::: Supplied data :::

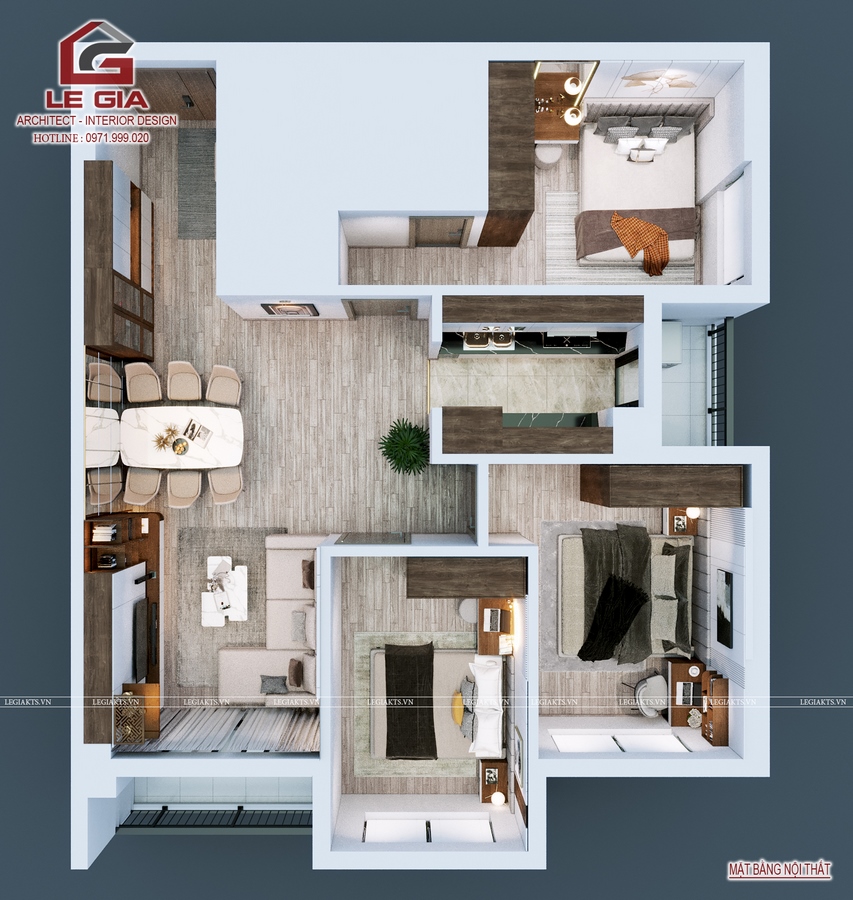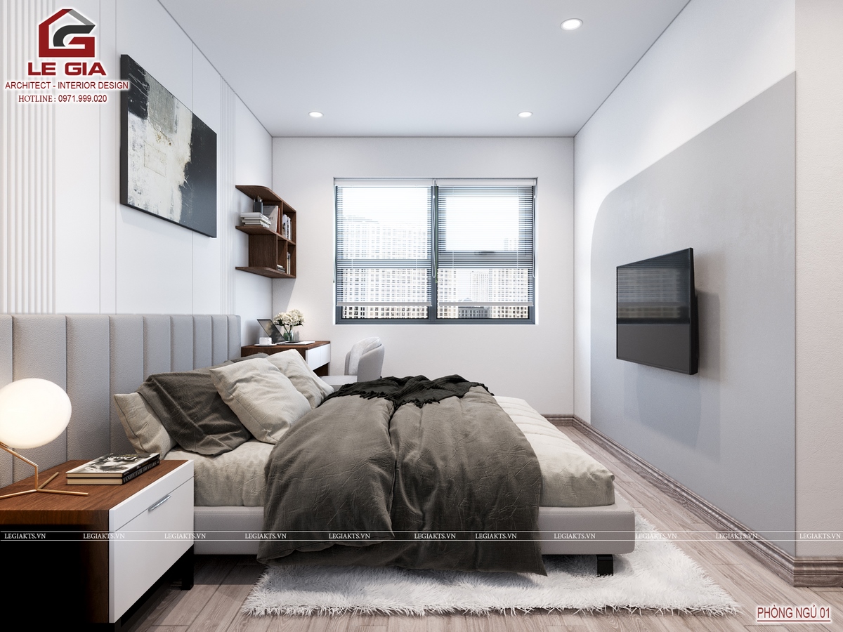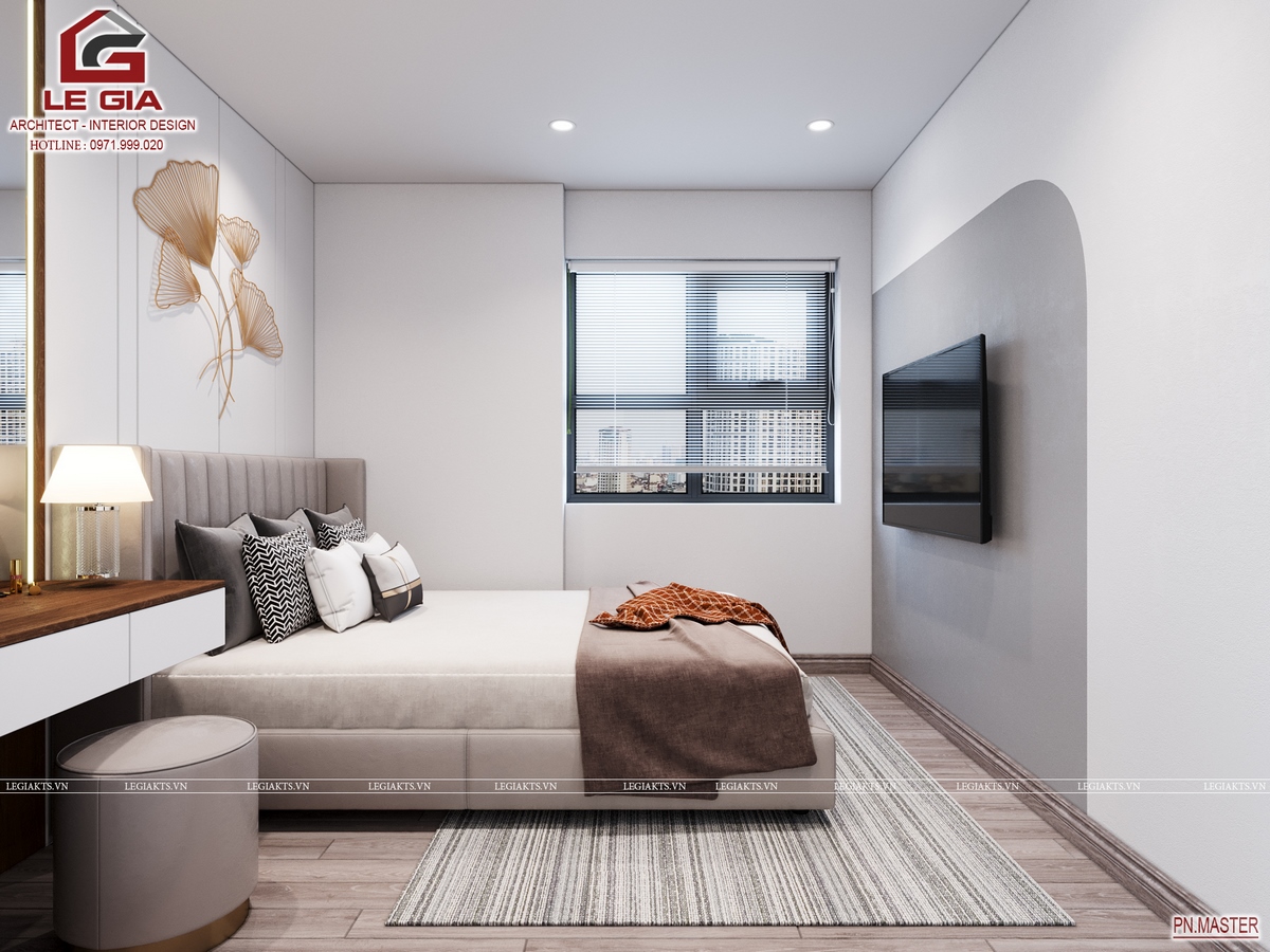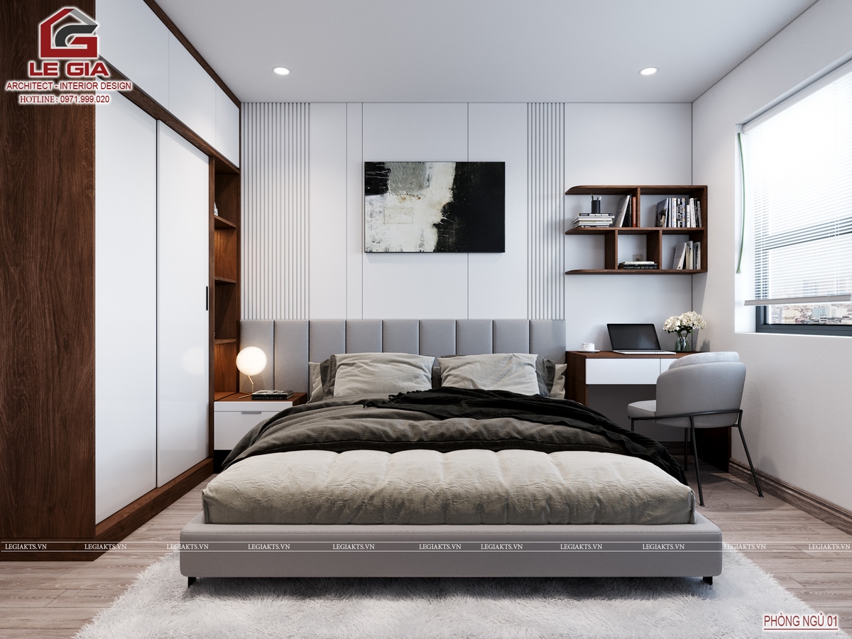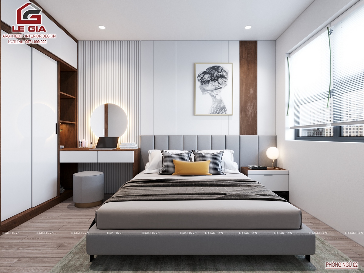 Với tông màu chủ đạo là những trung tính nhẹ nhàng KTS của Lê Gia đã phối màu trung tính với các gam màu vân gỗ sẽ tạo nên không gian hiện đại, không kém phần sang trọng. Đặc biệt với xu hướng thiết kế thi công nội thất hiện nay thì phong cách hiện đại với gam màu trung tính đang ngày càng phổ biến.
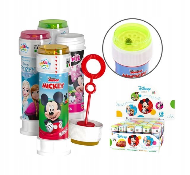 bańki mydlaneozdobione motywem licencji Myszka Miki pojemność: 60 ml opakowanie posiada na nakrętce grę zręcznościową
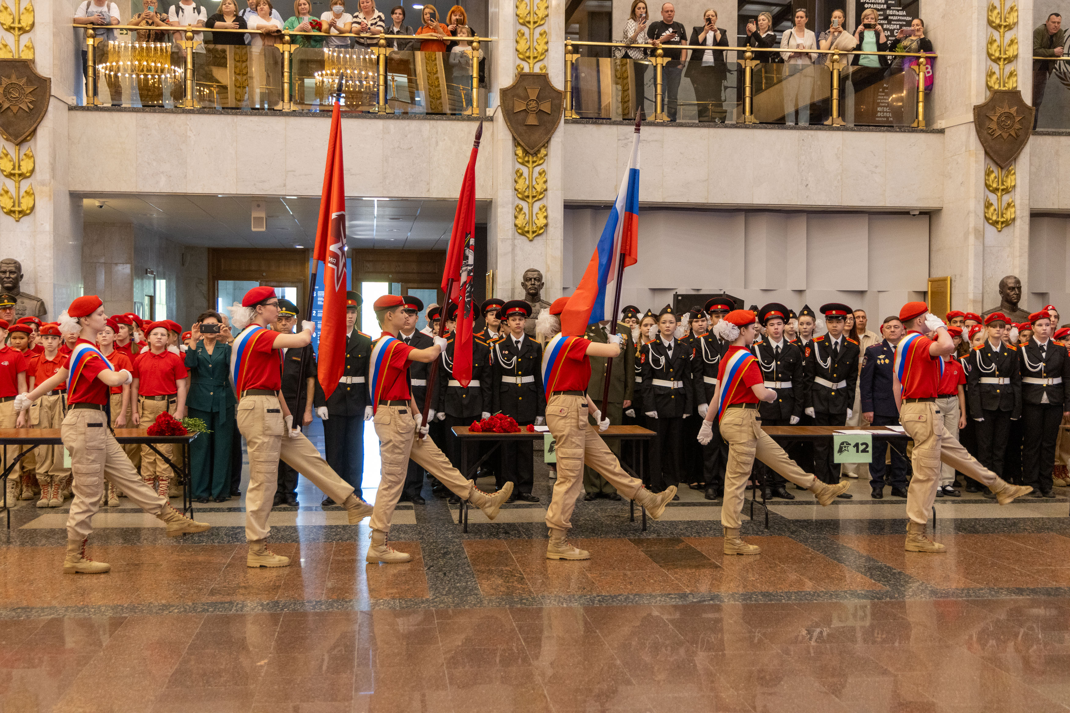 Перед началом церемонии посвящения в юнармейцы участники возложили цветы в Зале Славы, где увековечены имена героев Великой Отечественной войны. Завершилось мероприятие фотографированием в Зале Полководцев и возложением цветов к Вечному огню на площади Победы.
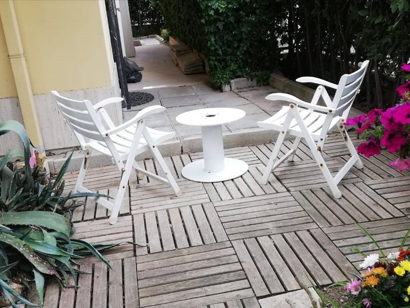 L'ingresso si apre su un ampio soggiorno, luminoso e ben distribuito, che conduce al cucinotto abitabile, dal quale si accede al giardino in parte pavimentato, dove poter pranzare all'aperto e prendersi cura di piante bellissime per chi ha il pollice verde!

:::

The line containing "bańki mydlaneozdobione motywem" and every line after it, through the end of the data, are to be output exactly. Omit the pictures.

Response:
 bańki mydlaneozdobione motywem licencji Myszka Miki pojemność: 60 ml opakowanie posiada na nakrętce grę zręcznościową
 Перед началом церемонии посвящения в юнармейцы участники возложили цветы в Зале Славы, где увековечены имена героев Великой Отечественной войны. Завершилось мероприятие фотографированием в Зале Полководцев и возложением цветов к Вечному огню на площади Победы.
 L'ingresso si apre su un ampio soggiorno, luminoso e ben distribuito, che conduce al cucinotto abitabile, dal quale si accede al giardino in parte pavimentato, dove poter pranzare all'aperto e prendersi cura di piante bellissime per chi ha il pollice verde!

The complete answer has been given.